To do so, create a yaml file (default ```RClickhouse.yaml```), in at least one directory (default lookup paths of parameter config_paths: ```./RClickhouse.yaml, ~/.R/RClickhouse.yaml, /etc/RClickhouse.yaml```), e.g. ```~/.R/configs/RClickhouse.yaml``` and pass a vector of the corresponding file paths to ```dbConnect``` as ```config_paths``` parameter.

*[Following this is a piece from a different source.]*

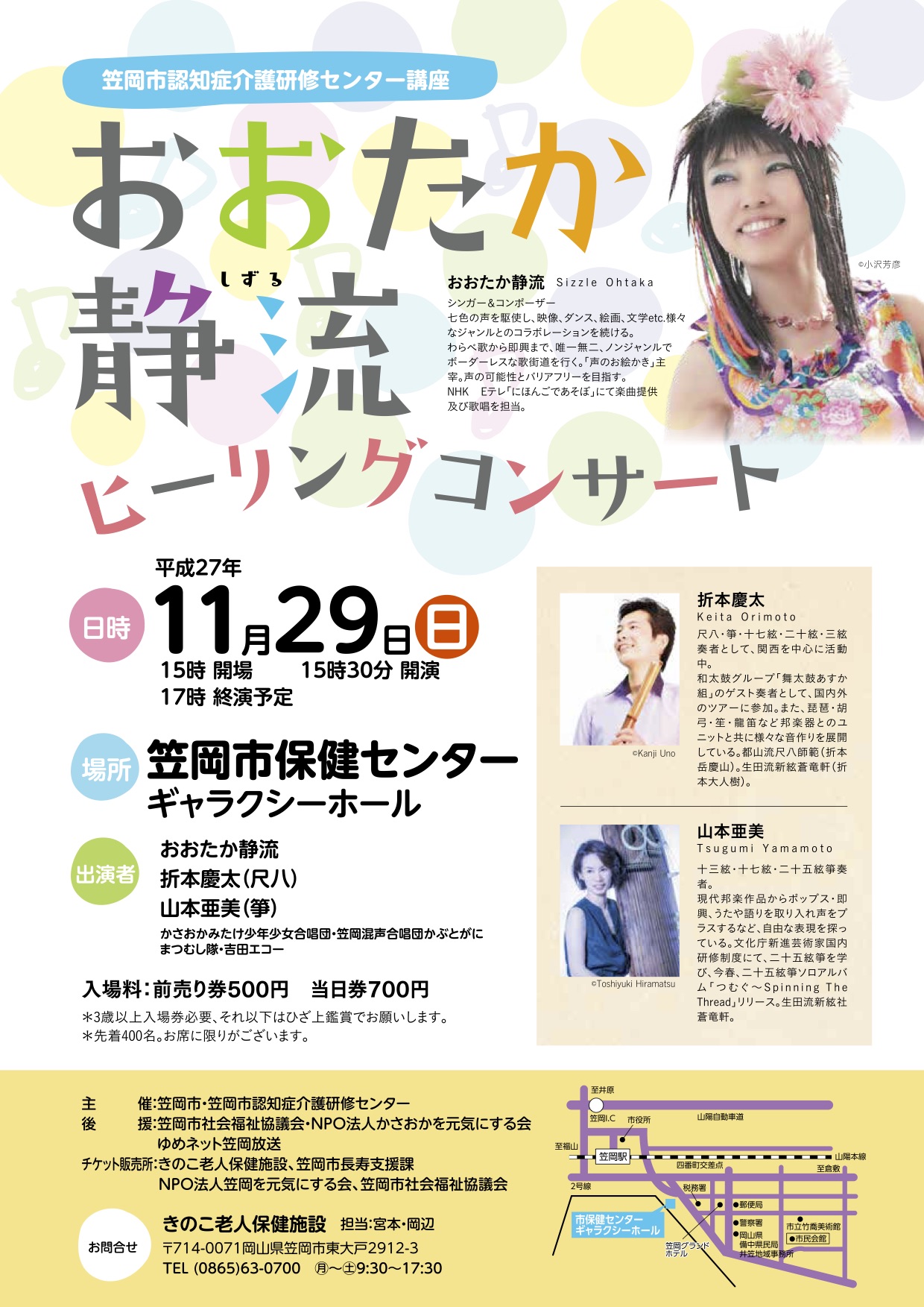 出演;おおたか静流(うた)、山本亜美(箏)、折本慶太(箏・尺八・十七絃箏)、かさおかみたけ少年少女合唱団、かぶとかに合唱団、まつむし

In ```RClickhouse.yaml```, you may specify a variable number of parameters (```host, port, db, user, password, compression```) to be initialized using the following format (example):
```YAML
host: example-db.com
port: 1111
```
The actual initialization of the parameters of ```dbConnect``` follows a hierarchical structure with varying priorities (1 to 3, where 1 is highest):
1. Specified input parameters when calling ```dbConnect```. If parameters are unspecified, fall back to (2)
2. Parameters specified in ```RClickhouse.yaml```, where the level of priority depends on the position of the path in the config_path input vector (first position, highest priority etc.). If parameters are unspecified, fall back to (3).
3. Default parameters (```host="localhost", port = 9000, db = "default", user = "default", password = "", compression = "lz4"```).

## Acknowledgements
Big thanks to Kirill Müller, Maxwell Peterson, Artemkin Pavel and Hannes Mühleisen.